Using lab machines and tests available for Linux from the Linux Test Project test suite, we developed a combination of tests, based on system resource utilization statistics, to adequately stress the system. We analyzed this combination test to determine which sections of the Linux kernel get exercised during test execution. Afterwards, we modified the combination test to allow the highest percentage of code coverage, while maintaining the high level of system stress desired. The final result is a stress test that covers enough of the Linux kernel to be useful for stability statements, and that has the system usage and kernel code coverage data to support it.
The four steps to this combination test method are: test selection, system resource utilization evaluation, kernel code coverage analysis, and final stress test evaluation.

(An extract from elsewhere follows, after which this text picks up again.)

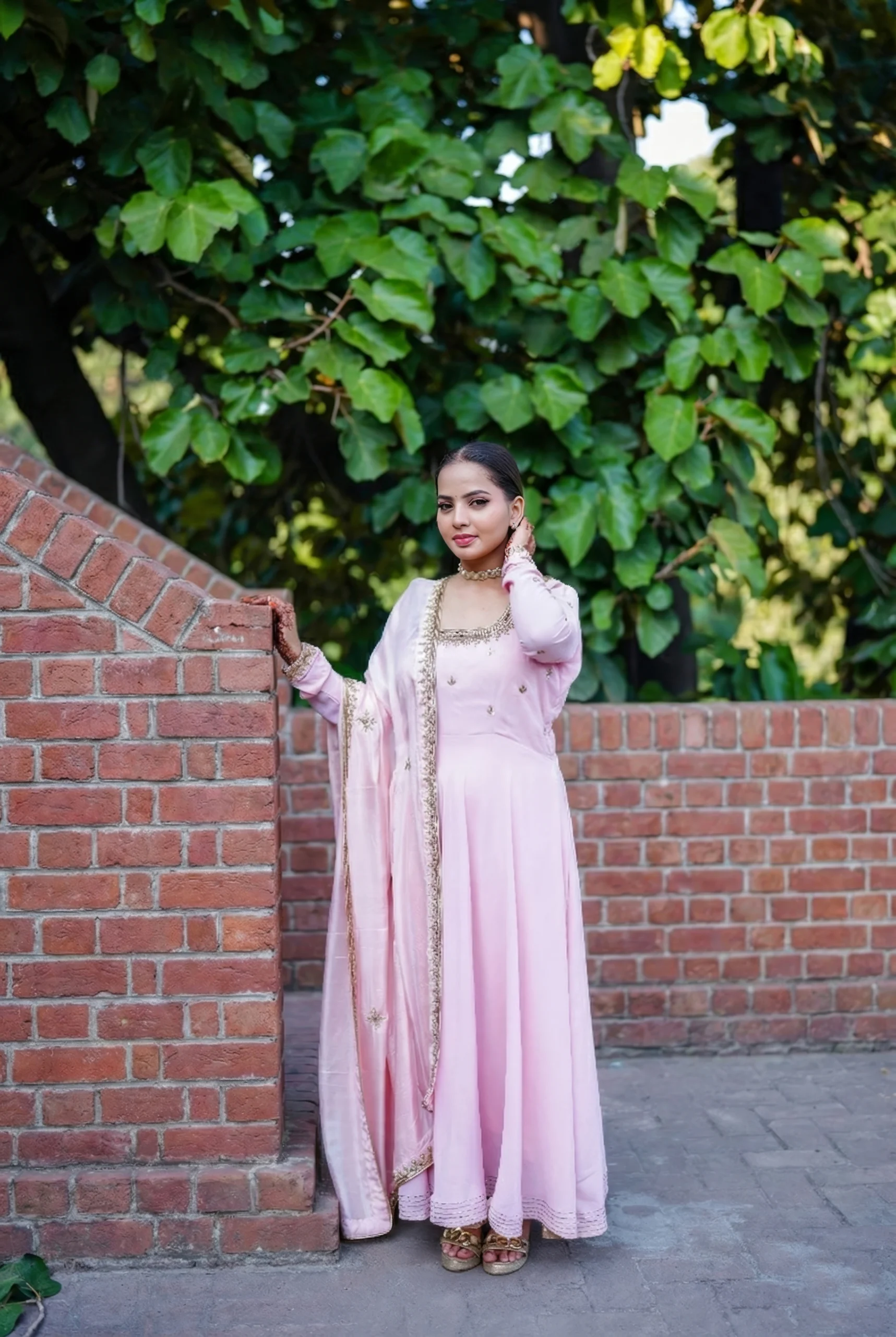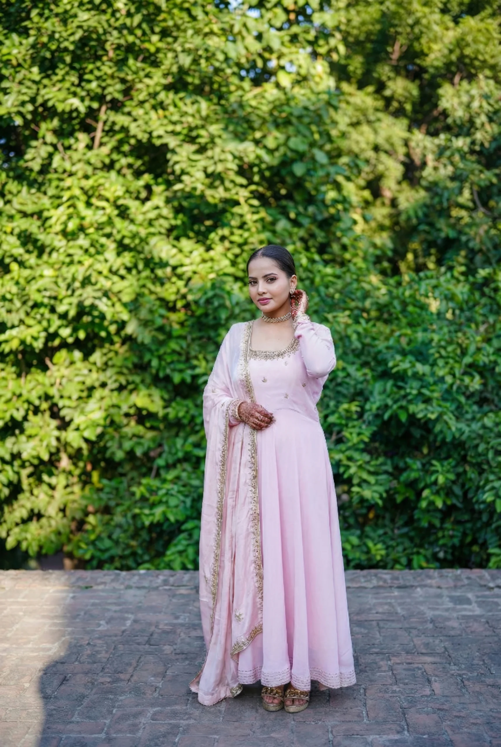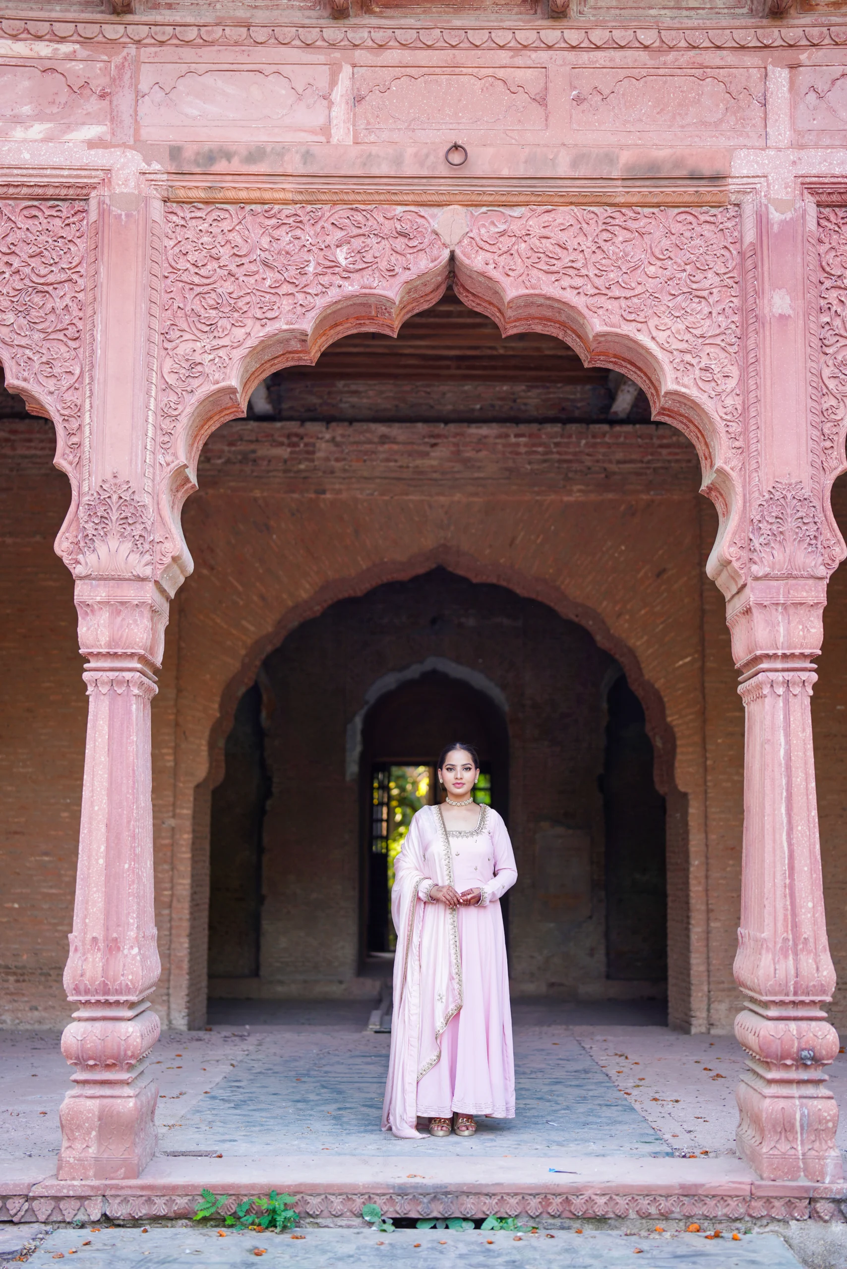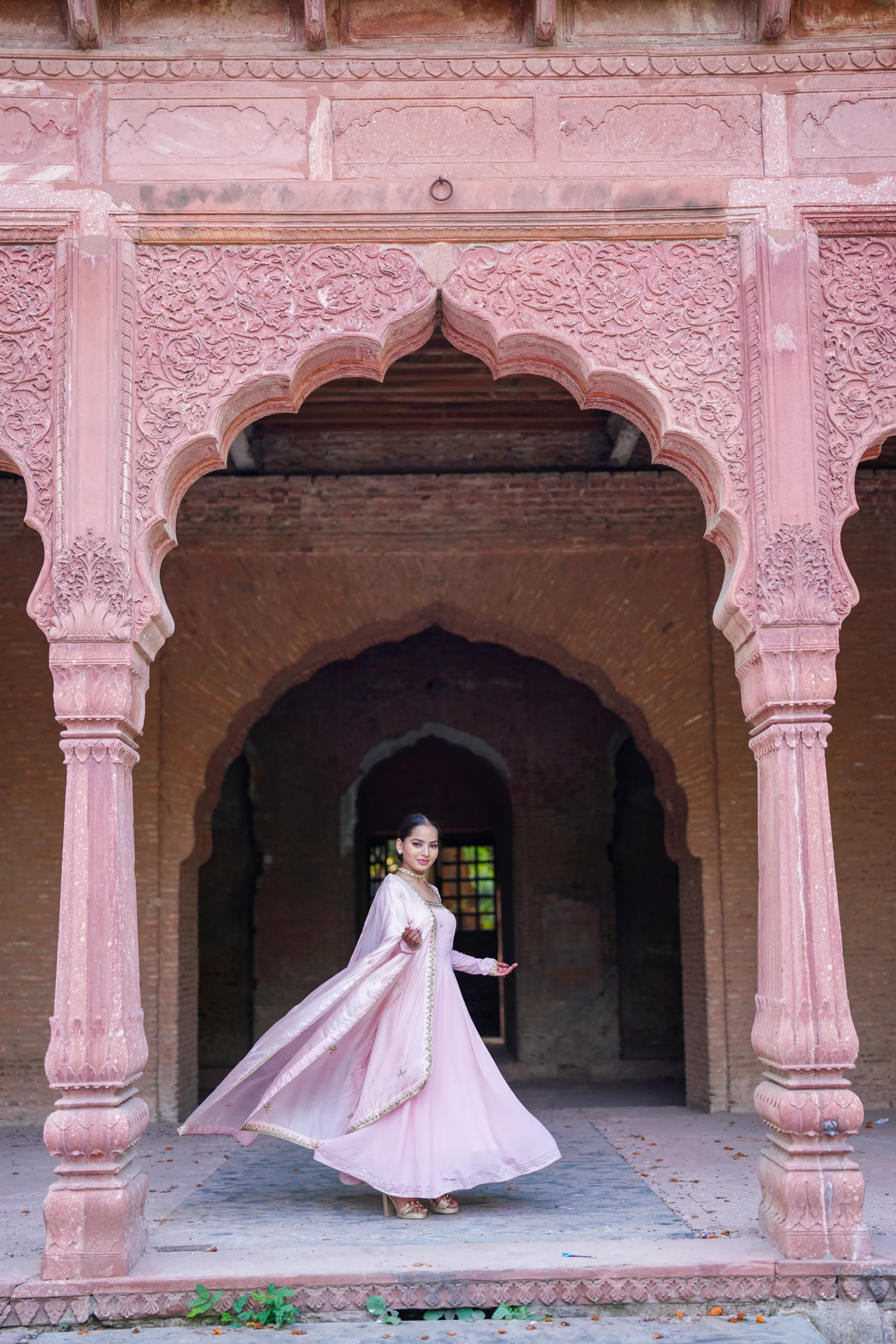 Inspired by the softer expressions of Mughal elegance, this pastel pink Anarkali dress is crafted from premium Georgette, a lightweight, fluid fabric celebrated for its graceful drape and lasting comfort. Introduced in early 20th-century France and embraced by Indian couture for its delicate movement, Georgette lends an airy refinement to this timeless silhouette.

Test selection involves selecting tests that accomplish two things:
• The tests should allow the attainment of high-resource utilization levels for main kernel areas, such as the CPU(s), memory, I/O, and networking.
• The tests should adequately cover the kernel code to help support the stability statement produced from their results.

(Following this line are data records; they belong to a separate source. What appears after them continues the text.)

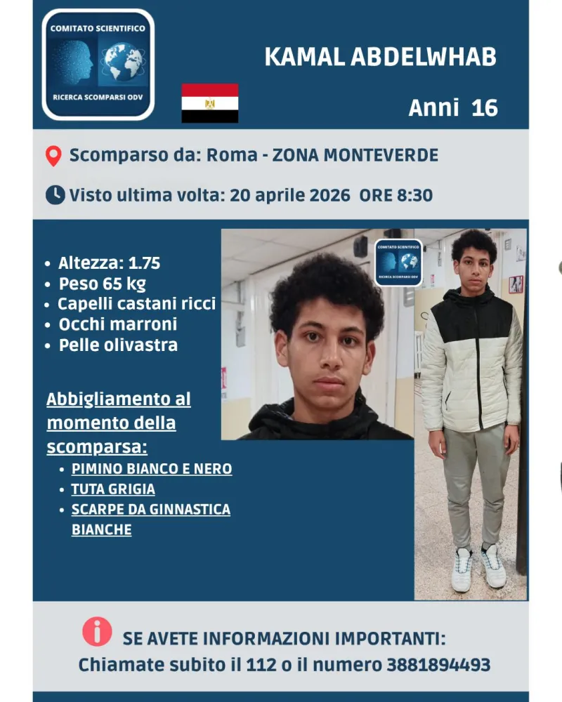 Sono ore di forte attenzione a Roma per la scomparsa di Kamal Abdelwhab, il ragazzo di 16 anni di cui si sono perse le tracce nella mattinata del 20 aprile 2026 dopo l’allontanamento da un centro di accoglienza della Capitale, in zona Monteverde.
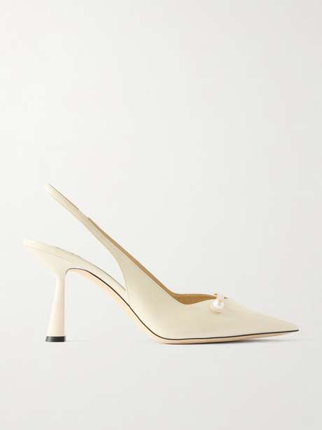 JIMMY CHOO Amita 85 faux-pearl embellished patent-leather slingback pumps
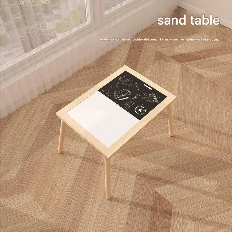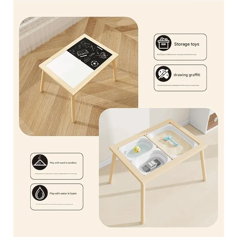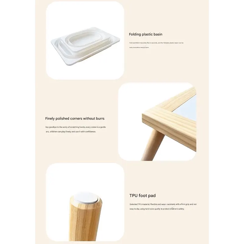 از این میز چوبی کودک میتوان به شکل های مختلف استفاده کرد. برای اکثر کودکان فقط ریختن و یا جابجایی وسایل از یک مکان به مکان دیگر کافی است، بنابراین آنها می توانند فقط با کاسه ها و اسکوپ ها سرگرم شوند.این میز بازی می تواند به بچه ها کمک کند تا مهارت های حرکتی ظریف را با تمرین کارهایی از این دست بیاموزند.
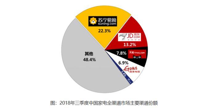 近日,中国家用电器研究院和全国家用电器工业信息中心联合发布的《2018年中国家电行业三季度报告》显示,2018年第三季度,中国家电市场全渠道销售规模达1821亿元。其中,苏宁占比22.3%,增速远超行业,领跑全渠道第一;京东份额为13.2%;天猫和国美分别为7.8%和6.9%。从数据中可以看出,苏宁易购在家电销售行业中的占比已经远超同行业。
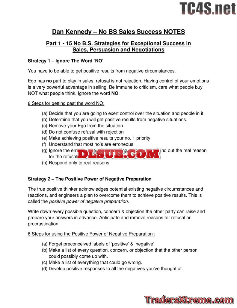 Dan Kennedy No Bs Sales Success Notes - JPG Image File
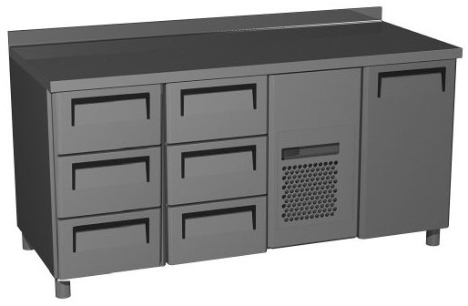 Холодильный стол Сarboma T70 M3-1 0430 (3GN/NT 313) предназначен для раскатки теста, обработки ингредиентов для приготовления блюд, охлаждения и кратковременного хранения скоропортящихся продуктов и напитков на предприятиях общественного питания и торговли. Модель оснащена 3 полками, 6 расположенными по краям ящиками и регулируемыми ножками высотой от 90 до 110 мм. Цельнозаливной корпус выполнен из нержавеющей стали с теплоизоляцией из пенополиуретана, дверцы - из металла.
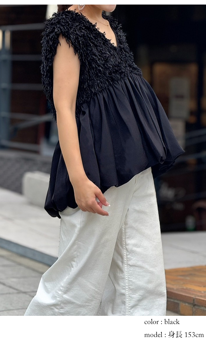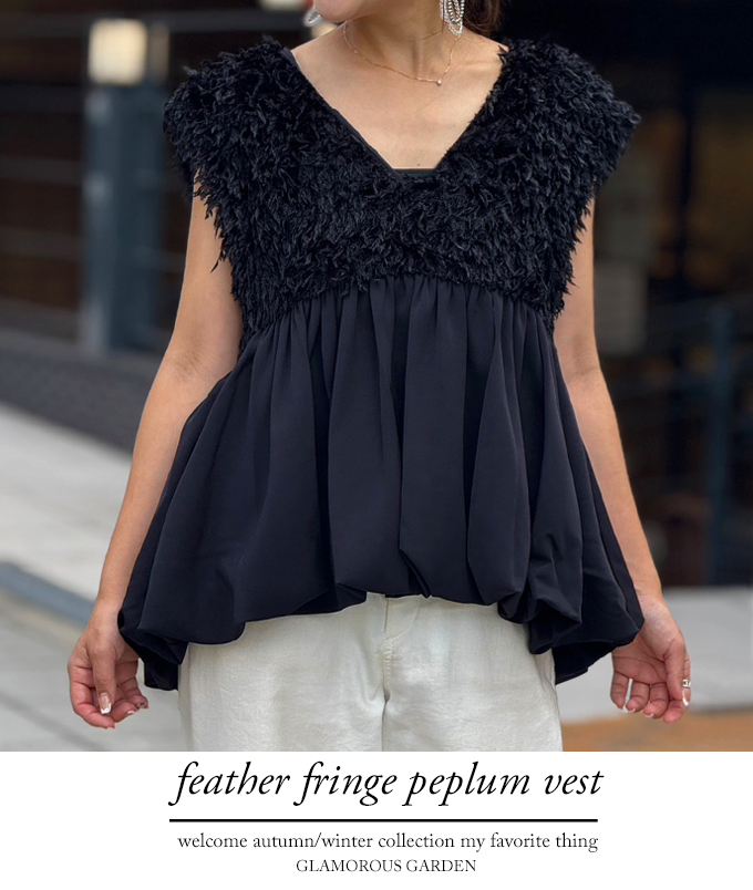 フェザーフリンジペプラムベスト【7f-831-05749】
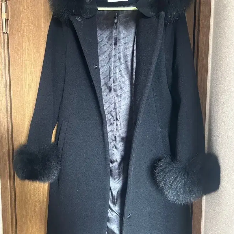 ROYAL PARTY 후드 부착 블랙 롱 코트

Whenever possible, use tests that are automated or easily modified to support automation. Automation allows for quicker and repeatable testing, and helps reduce the risk of human error. Using applications that allow free publication of results is another consideration when selecting suitable tests. It is good to choose tests and test suites that adhere to the open source methodology
Evaluating System Resource Utilization
The combination of selected tests must adequately stress the system’s resources. Four primary areas of the Linux kernel can affect system response and execution time:
• CPU: Time spent processing data on the CPU(s) of the machine
• Memory: Time spent reading and writing data to and from real memory
• I/O: Time spent reading and writing data to and from disk storage
• Networking: Time spent reading and writing data to and from the network
Test designers should use the following two well-known and widely used open source Linux resource monitoring tools to evaluate the resource utilization levels. (For links to download both of these tools, please see Resources later in this article.)

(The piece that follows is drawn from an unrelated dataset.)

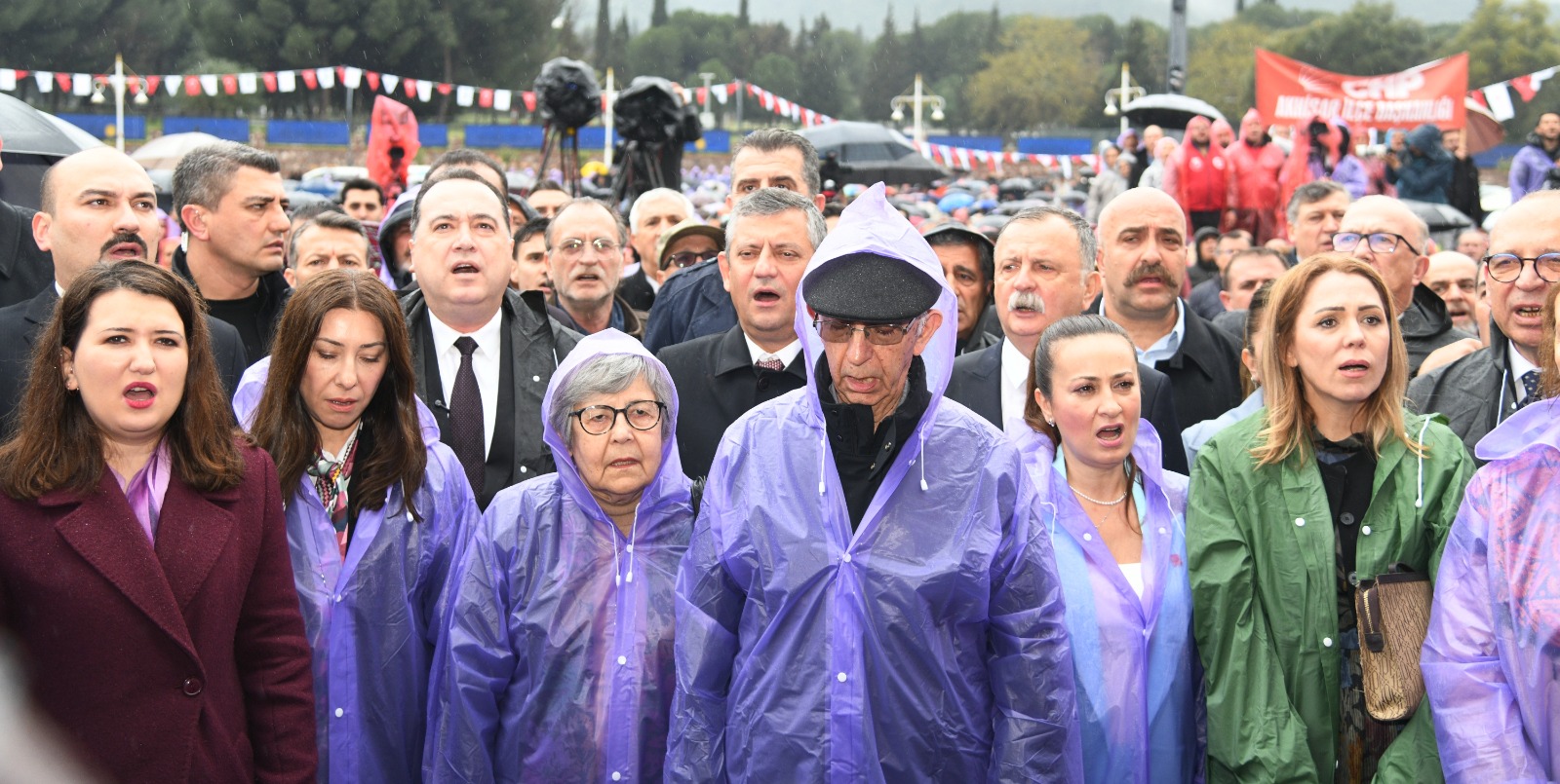 Cumhuriyet Halk Partisi Lideri Özel, “Hepiniz hoş geldiniz. Hep söylüyorum; 15 gün görmesem burnumda, kardeşim Barış’ı görmemiş gibi tüten dumanlı Spil Dağı’nın eteklerinde, yaşadığım ilçede, çok sevdiğim ve üzerimde dünya kadar emeği olan çok kıymetli yol arkadaşlarımla, hemşerilerimle buluşmanın büyük gururunu yaşıyorum. Hepiniz hoş geldiniz, şeref verdiniz. Aşağıdan böyle görünmüyor. Yukarıya çıkıp inen herkes aynı şeyi söylüyor. Bütün meydan yoğun yağışa rağmen tıklım tıklım dolu. Bu yağmurun altında şemsiyeleriyle, yağmurluklarıyla bizleri bekleyenlere, izleyenlere, güç verenlere; iyi günümüzde bizimle olanlara, kötü günümüzde hiç yalnız bırakmayanlara ve yürüdüğünüz yola inanan, arkamızda duran, nereye geldiysek üzerimizde hakkı olan hakkı ödenmez Manisalılara selam olsun. Hepinizi sevgiyle selamlıyorum” dedi. Özel, şunları söyledi:
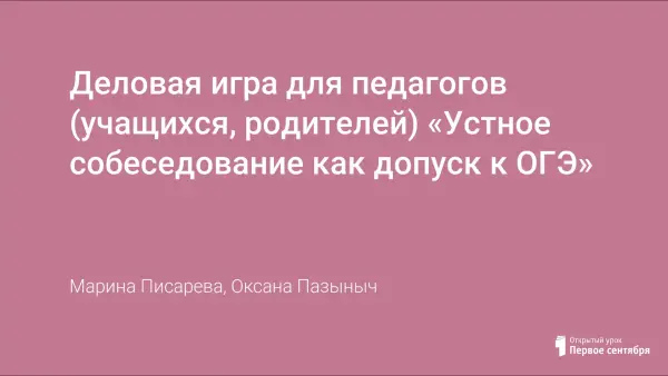 Цель деловой игры: познакомить участников образовательного процесса с процедурой устного собеседования; изучить функции каждого участника устного собеседования посредствам деловой игры.

• top: An open source tool maintained by Albert D. Cahalan, which is is included in most Linux distributions and works on the current 2.4 and 2.6 kernels.
• sar. Another open source tool; this one is maintained by Sebastien Godard. This tool is also included in most Linux distributions and works on the current 2.4 and 2.6 kernels.
This system resource utilization evaluation phase of the method usually requires multiple attempts at getting the right combination of tests that will achieve the desired level of utilization. Over-utilization is always a concern when deciding on the combination of tests. For example, choosing a combination that is too I/O bound can create poor results for the CPU, and vice versa. This part of the method consists primarily of a large amount of trial and error, until the desired levels for all resources are attained.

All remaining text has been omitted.